В квартире пахло одиночеством. Не просто пылью и затхлостью, а именно одиночеством — острым, физически ощутимым, как запах несвежего белья и остывшей пепельницы. Я машинально, почти не глядя, разделся, бросил прохудившуюся куртку на спинку стула и поплелся на кухню, чувствуя под ногами липкий, не мытый неделями линолеум. Холодильник, утробно урча, встретил меня скудным, почти пустынным содержимым: пара одиноких яиц, пузатая банка майонеза с засохшими подтеками, пакет кетчупа, свернувшийся в тугой комок. Из кухонного шкафчика, пахнущего старым деревом и тоской, я достал последний запас макарон — эти бледные, ломкие палочки, похожие на высохшие кости. Пока на плите, шипя и негодуя, закипала вода в кастрюле, я принялся жарить яйца — безвкусный, но хоть какой-то ужин, ритуал поддержания жизни в теле, которое уже давно забыло, что такое радость.

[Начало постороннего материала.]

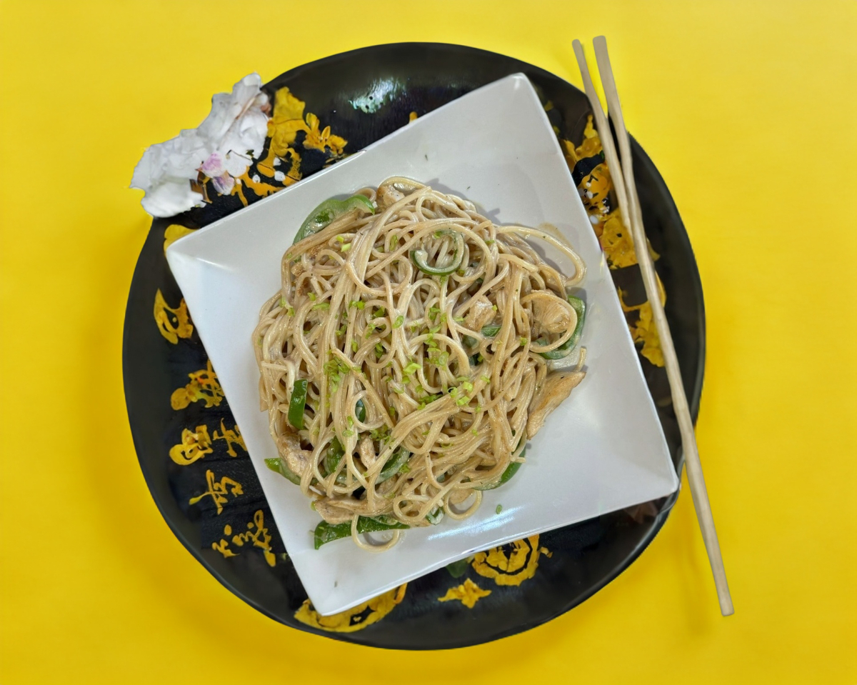 Deliciosa pasta cremosa acompañada de arrachera salteada con pimiento, cebolla y champiñón con un toque de soya
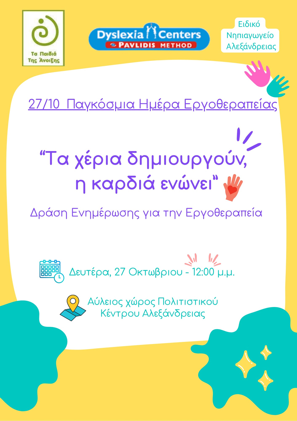 Με αφορμή την Παγκόσμια Ημέρα Εργοθεραπείας, τα Dyslexia Centers – Pavlidis Method Αλεξάνδρειας σε συνεργασία με τα Παιδιά της Άνοιξης και το Ειδικό Νηπιαγωγείο Αλεξάνδρειας προσκαλούν μικρούς και μεγάλους σε μια δράση ευαισθητοποίησης και βιωματικής εμπειρίας!
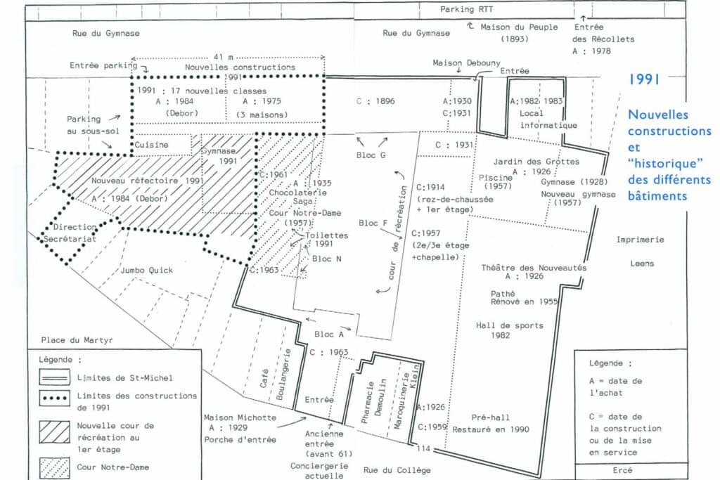 En parcourant les photos de l’album ci-dessous, classées chronologiquement (sauf pour permettre parfois une comparaison avec la situation actuelle), vous pourrez découvrir l’évolution des bâtiments sur une centaine d’années.
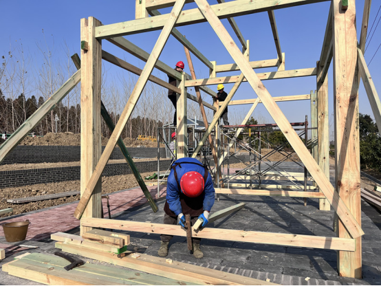 “立足区位优势,我们以农旅并进为思路,推动农业、加工、物流、旅游等串联成片。”项目负责人戴宜武指着图纸介绍,社区正在建设两个配套景墙、休闲铺装与生态绿化的小游园,建成后将补齐服务短板,提升乡村功能。
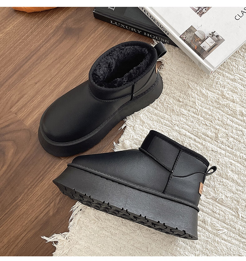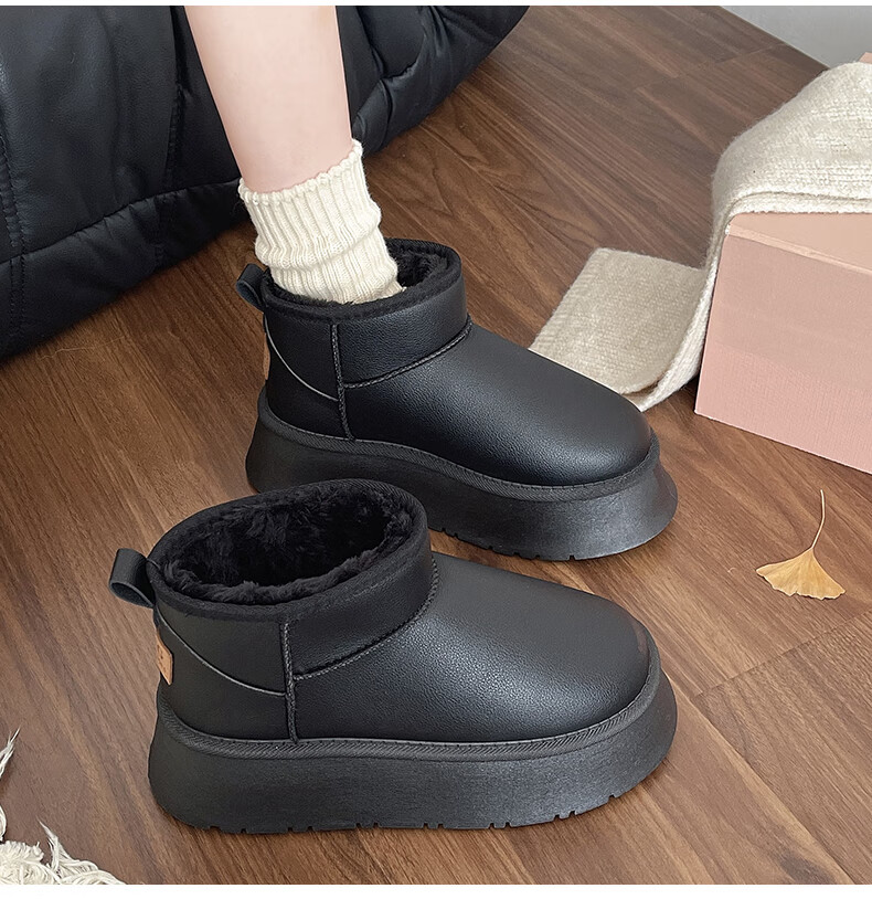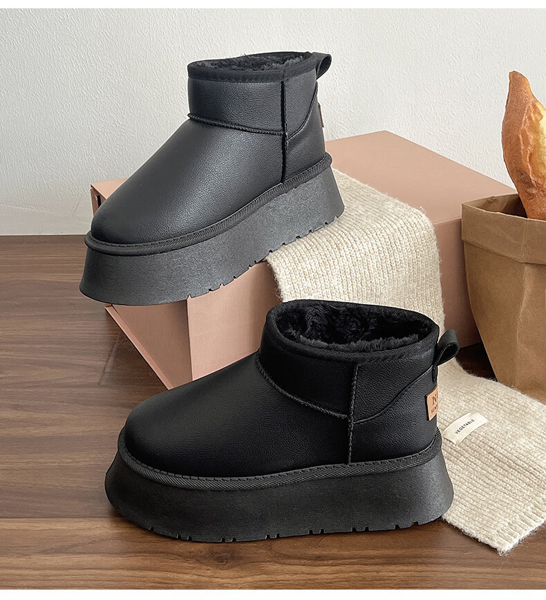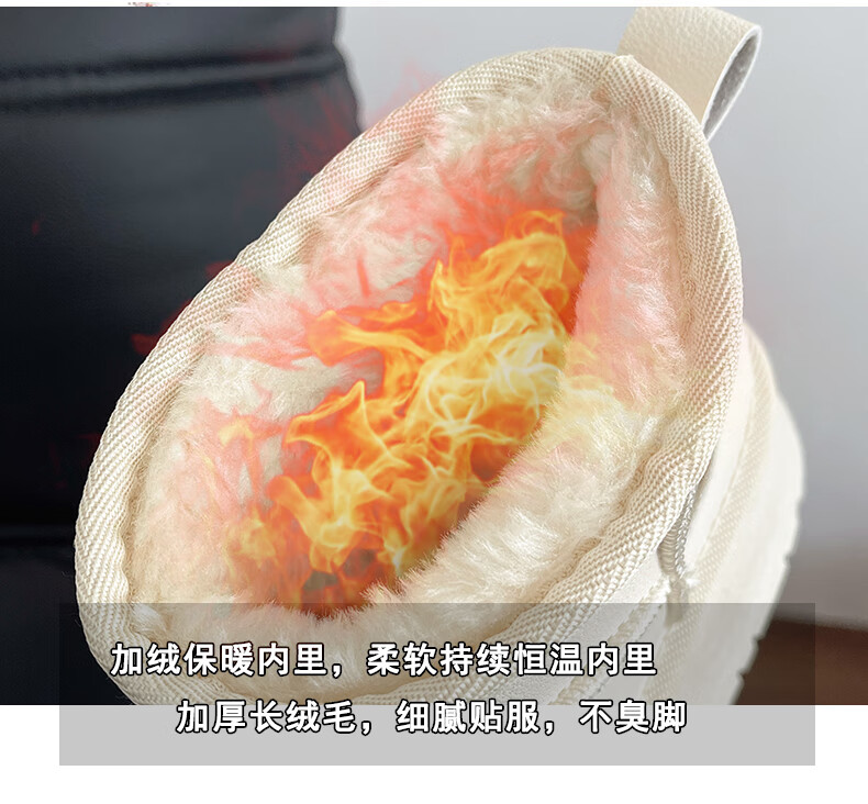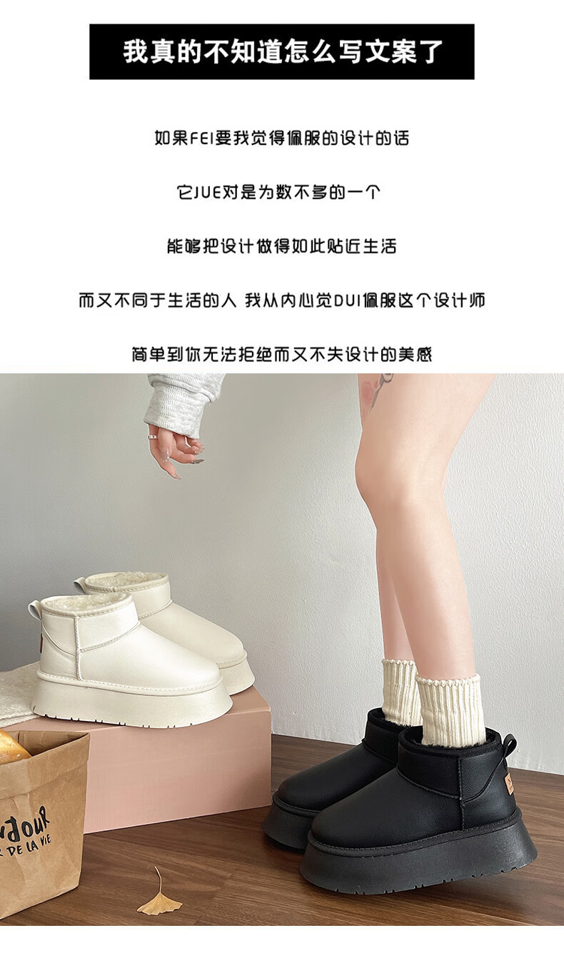 稻草人(MEXICAN)松糕厚底白色雪地靴女2026新款冬季加绒加厚保暖皮毛一体防水短靴 1皮面米白色【质保版】 37
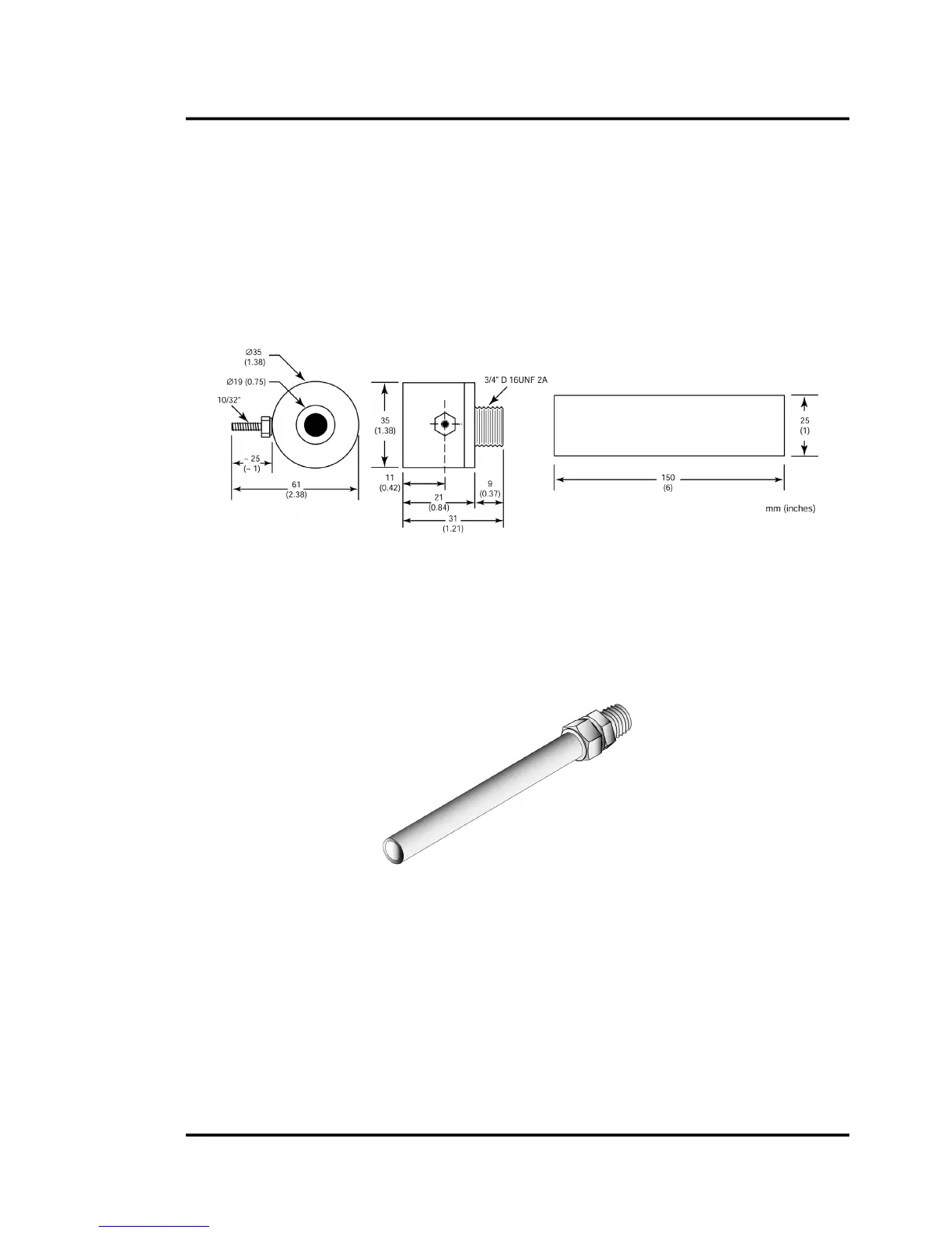 The protection tube is available as an accessory. It is305 mm (12 in.) long and 32 mm (1.26 in.) in

Для фона, чтобы заглушить гулкую тишину, я включил телевизор. По главному каналу, как по расписанию, шли вечерние новости. Я уже давно не вникал в их содержание — бесконечная череда массовых смертей, техногенных катастроф и политических склок не вызывала ничего, кроме горькой оскомины и чувства глубокого, всепоглощающего безразличия. Гораздо искреннее и человечнее были глупые видео с котиками, где жизнь еще сохраняла крупицы простой, неиспорченной радости. Диктор с застывшим, каменным лицом, словно робот, вещал что-то о ходе очередного громкого расследования, а я ловил себя на мысли, что пригорают яйца, и этот бытовой провал волновал меня куда больше, чем все мировые катаклизмы вместе взятые.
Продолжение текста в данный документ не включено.